**Task statement:** Extract only the lines from the start of the entries below to the line with "Робот 0908 (12шт)", inclusive; omit every picture.
——————————
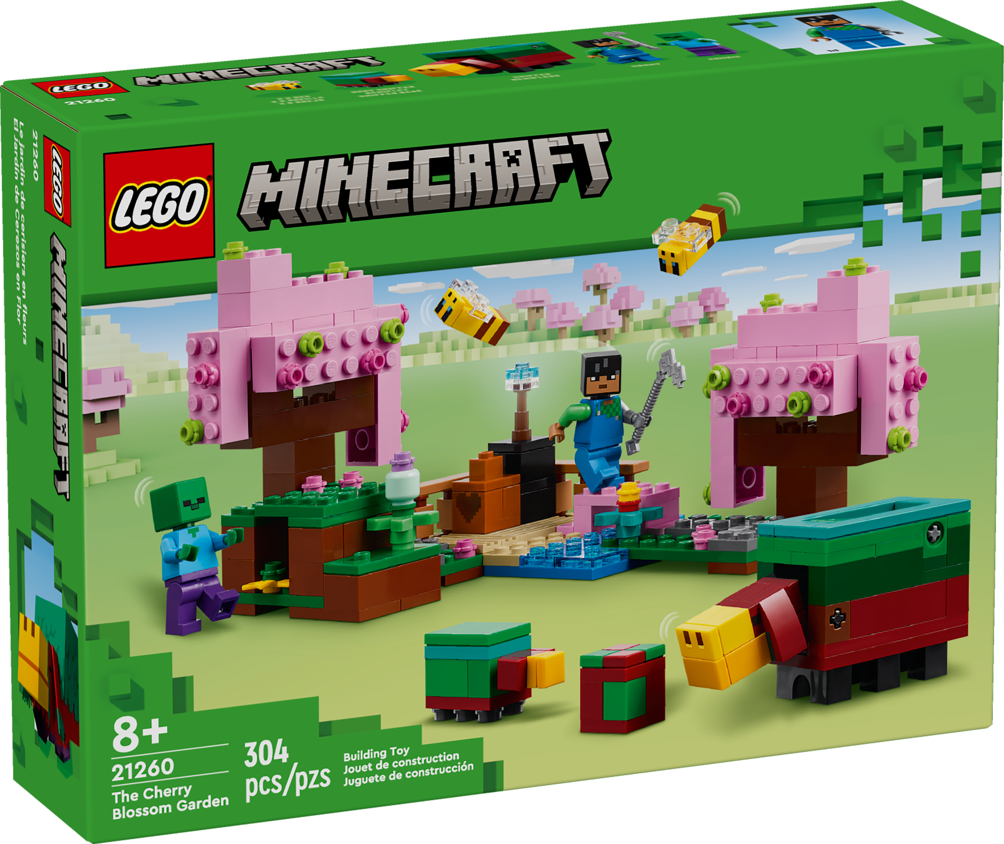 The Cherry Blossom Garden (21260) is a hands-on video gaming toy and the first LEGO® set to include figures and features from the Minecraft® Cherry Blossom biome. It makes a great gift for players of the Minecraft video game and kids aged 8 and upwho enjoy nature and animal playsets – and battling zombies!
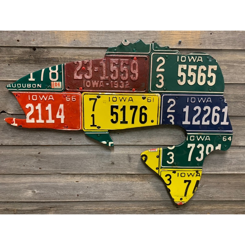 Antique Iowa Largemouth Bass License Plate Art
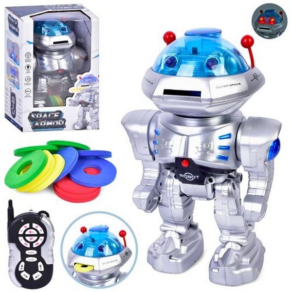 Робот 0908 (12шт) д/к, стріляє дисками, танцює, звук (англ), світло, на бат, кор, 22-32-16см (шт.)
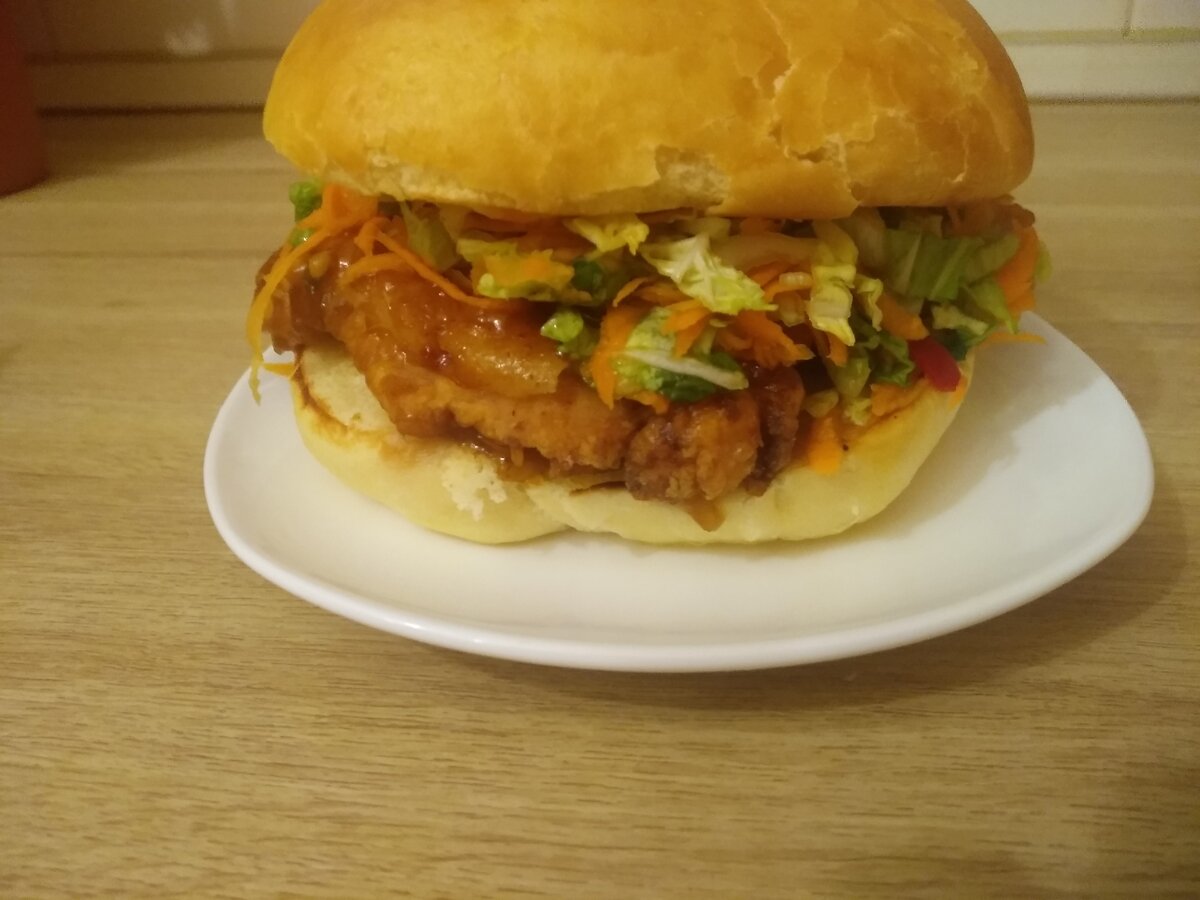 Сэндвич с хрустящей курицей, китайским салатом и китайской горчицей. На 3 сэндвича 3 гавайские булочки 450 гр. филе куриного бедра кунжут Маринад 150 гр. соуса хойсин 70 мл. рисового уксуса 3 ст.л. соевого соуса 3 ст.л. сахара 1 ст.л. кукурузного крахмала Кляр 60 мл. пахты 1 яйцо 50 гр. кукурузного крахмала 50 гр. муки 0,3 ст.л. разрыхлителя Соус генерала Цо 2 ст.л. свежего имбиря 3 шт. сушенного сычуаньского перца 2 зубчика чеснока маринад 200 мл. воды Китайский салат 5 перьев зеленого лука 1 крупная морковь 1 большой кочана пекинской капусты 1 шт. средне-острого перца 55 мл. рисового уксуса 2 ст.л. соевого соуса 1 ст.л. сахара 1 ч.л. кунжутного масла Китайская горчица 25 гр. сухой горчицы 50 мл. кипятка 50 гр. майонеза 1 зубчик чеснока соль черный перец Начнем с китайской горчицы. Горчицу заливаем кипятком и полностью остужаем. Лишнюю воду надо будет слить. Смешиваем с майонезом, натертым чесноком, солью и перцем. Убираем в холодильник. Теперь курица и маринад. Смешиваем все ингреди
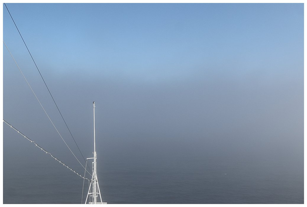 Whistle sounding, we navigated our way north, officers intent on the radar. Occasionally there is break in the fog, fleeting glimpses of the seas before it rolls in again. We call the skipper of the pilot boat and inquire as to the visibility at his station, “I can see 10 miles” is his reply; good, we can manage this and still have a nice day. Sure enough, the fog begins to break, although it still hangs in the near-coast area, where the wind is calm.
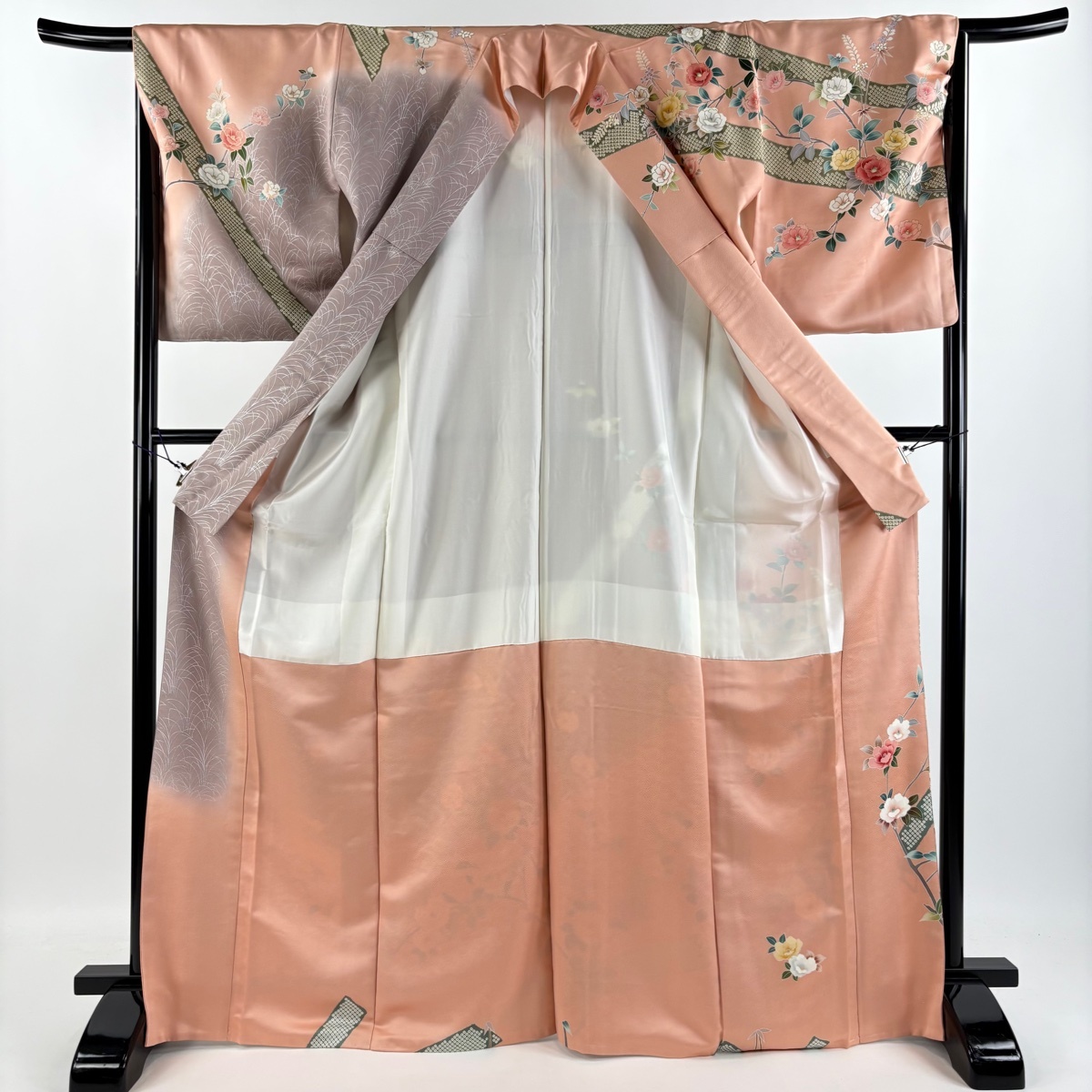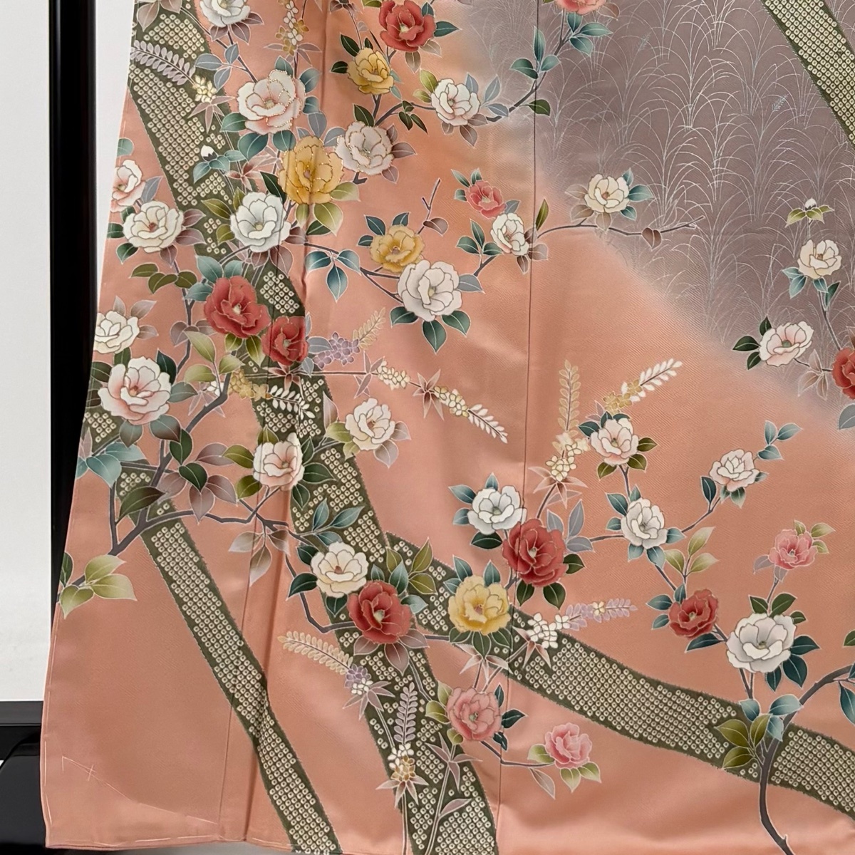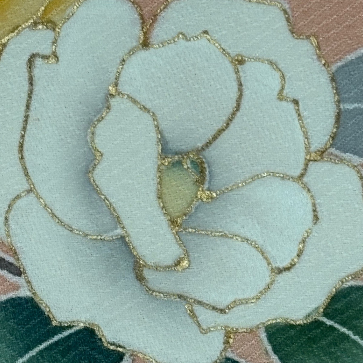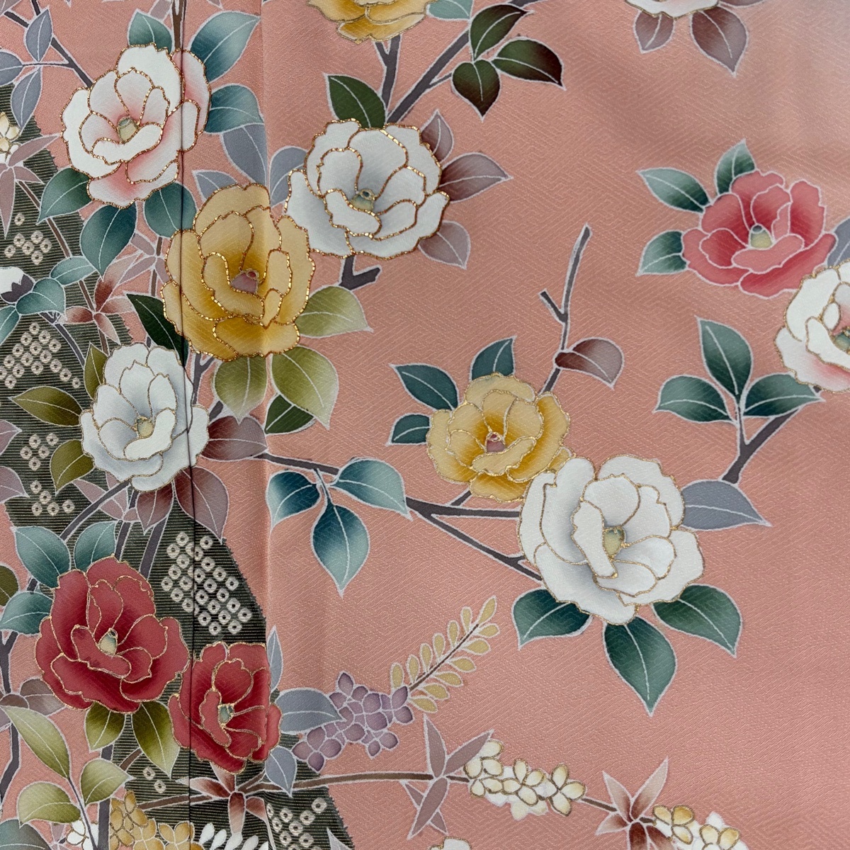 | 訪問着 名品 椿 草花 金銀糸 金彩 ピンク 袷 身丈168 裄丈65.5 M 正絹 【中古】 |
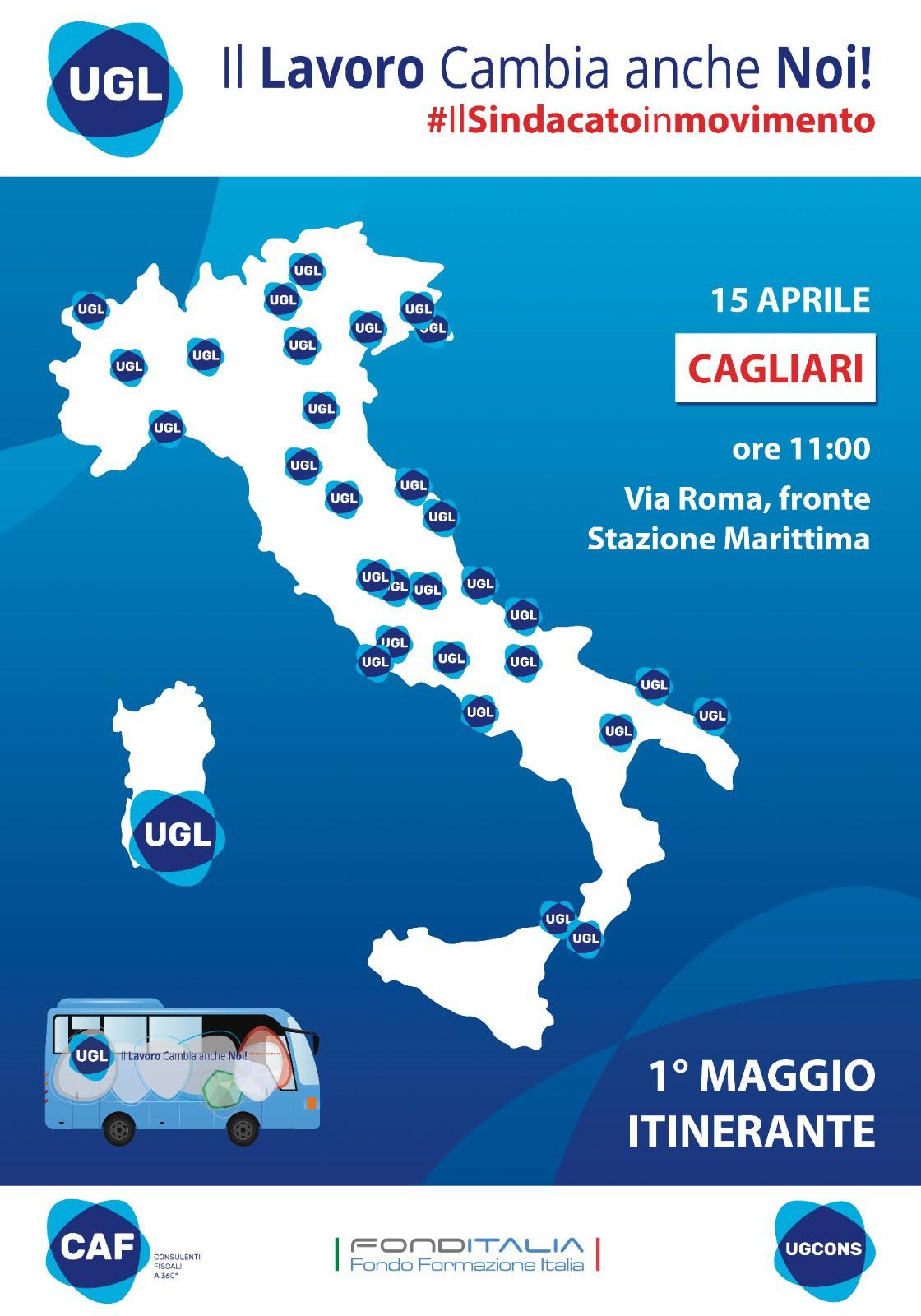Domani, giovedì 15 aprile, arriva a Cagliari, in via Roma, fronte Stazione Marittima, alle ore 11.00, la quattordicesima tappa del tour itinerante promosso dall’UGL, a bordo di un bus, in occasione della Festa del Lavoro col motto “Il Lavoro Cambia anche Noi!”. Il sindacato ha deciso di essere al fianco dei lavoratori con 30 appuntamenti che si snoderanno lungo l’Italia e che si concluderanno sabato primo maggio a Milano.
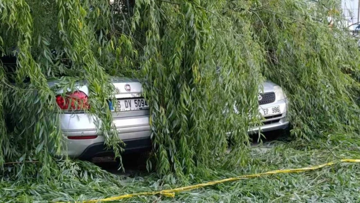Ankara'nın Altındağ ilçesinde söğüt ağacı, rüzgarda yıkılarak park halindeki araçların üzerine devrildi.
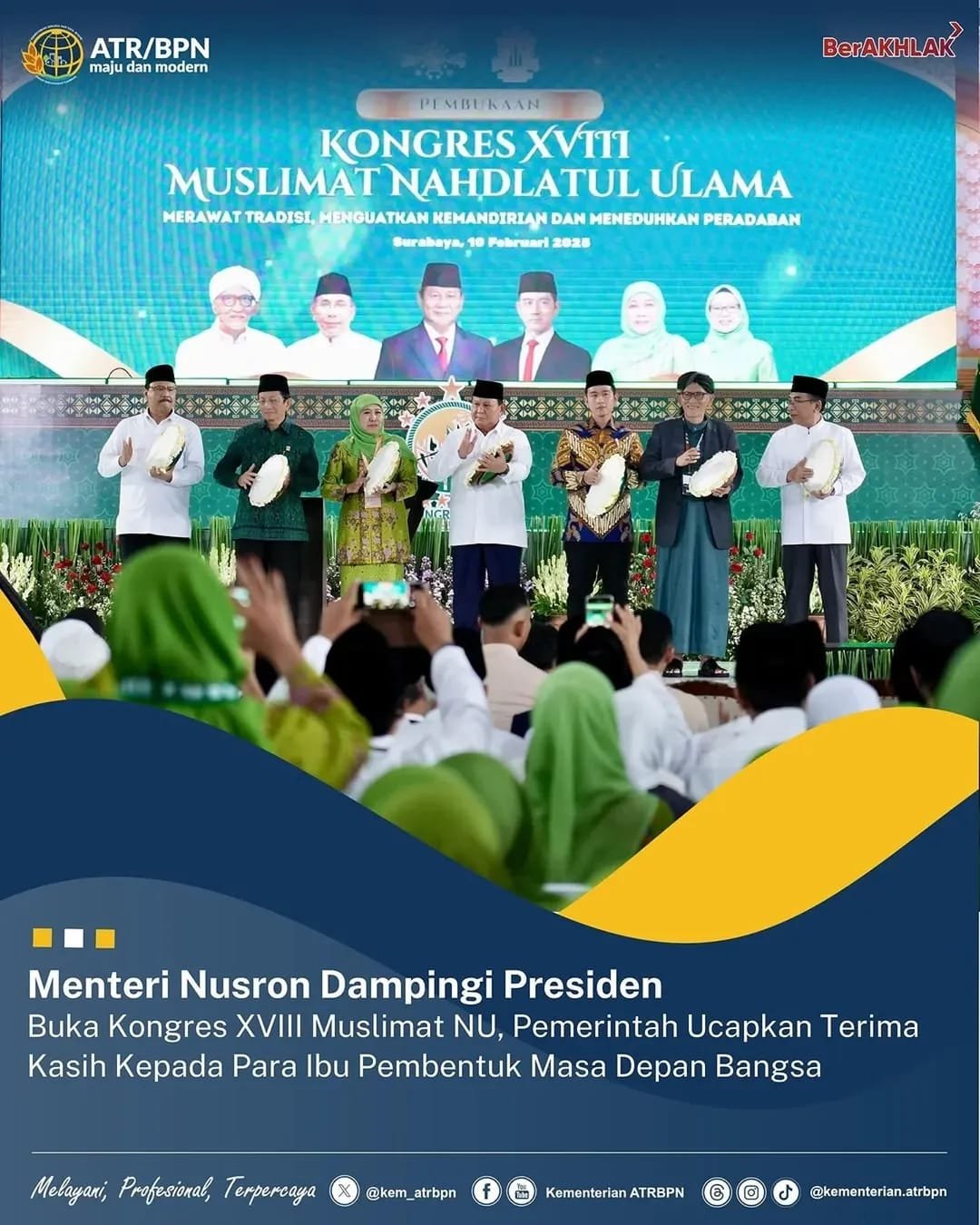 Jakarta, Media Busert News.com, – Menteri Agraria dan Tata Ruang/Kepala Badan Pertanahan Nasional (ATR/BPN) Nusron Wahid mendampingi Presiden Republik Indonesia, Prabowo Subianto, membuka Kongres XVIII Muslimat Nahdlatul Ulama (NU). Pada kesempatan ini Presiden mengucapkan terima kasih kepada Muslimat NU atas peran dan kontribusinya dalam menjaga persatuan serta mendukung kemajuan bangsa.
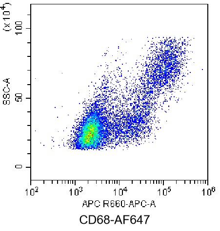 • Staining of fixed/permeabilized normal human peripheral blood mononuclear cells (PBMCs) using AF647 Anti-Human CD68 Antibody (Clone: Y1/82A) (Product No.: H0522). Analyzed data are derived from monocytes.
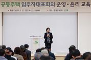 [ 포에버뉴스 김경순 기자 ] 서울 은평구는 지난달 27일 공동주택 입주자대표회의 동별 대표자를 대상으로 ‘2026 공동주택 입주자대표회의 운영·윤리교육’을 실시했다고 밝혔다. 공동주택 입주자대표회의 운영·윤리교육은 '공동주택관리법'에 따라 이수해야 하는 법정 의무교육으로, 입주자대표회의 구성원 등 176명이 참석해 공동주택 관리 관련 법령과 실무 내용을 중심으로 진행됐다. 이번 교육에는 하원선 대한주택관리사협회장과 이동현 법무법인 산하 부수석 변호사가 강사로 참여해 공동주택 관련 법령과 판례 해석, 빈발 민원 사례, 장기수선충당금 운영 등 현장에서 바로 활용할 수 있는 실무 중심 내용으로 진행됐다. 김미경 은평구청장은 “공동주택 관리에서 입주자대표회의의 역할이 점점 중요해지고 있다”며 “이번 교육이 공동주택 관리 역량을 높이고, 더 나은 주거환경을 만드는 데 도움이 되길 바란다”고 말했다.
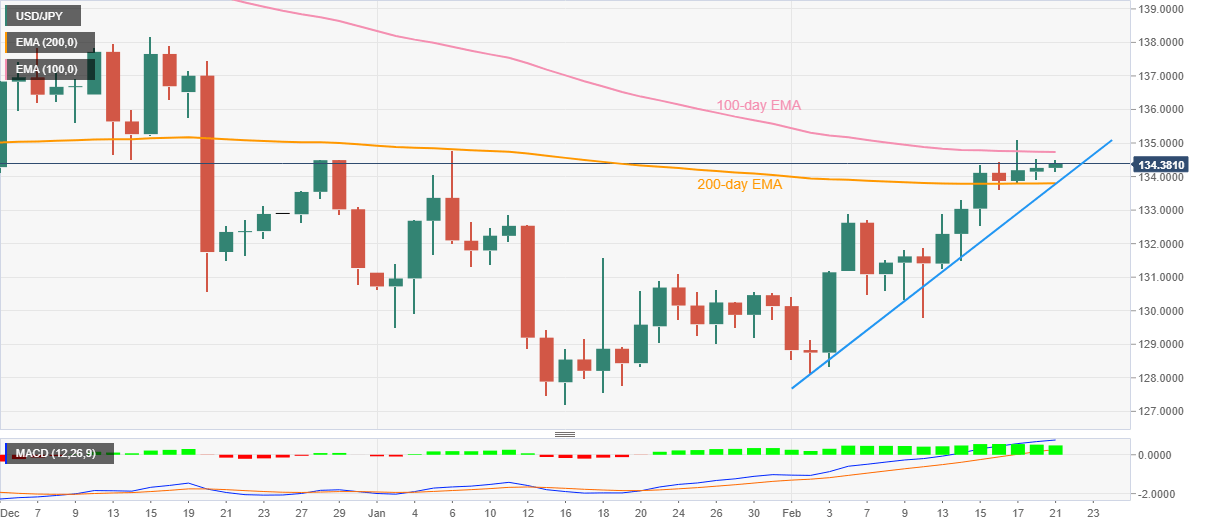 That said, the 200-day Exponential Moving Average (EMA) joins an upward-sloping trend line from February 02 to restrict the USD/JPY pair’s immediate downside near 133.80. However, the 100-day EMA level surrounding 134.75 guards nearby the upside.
——————————
**Output of the task:**
 The Cherry Blossom Garden (21260) is a hands-on video gaming toy and the first LEGO® set to include figures and features from the Minecraft® Cherry Blossom biome. It makes a great gift for players of the Minecraft video game and kids aged 8 and upwho enjoy nature and animal playsets – and battling zombies!
 Antique Iowa Largemouth Bass License Plate Art
 Робот 0908 (12шт) д/к, стріляє дисками, танцює, звук (англ), світло, на бат, кор, 22-32-16см (шт.)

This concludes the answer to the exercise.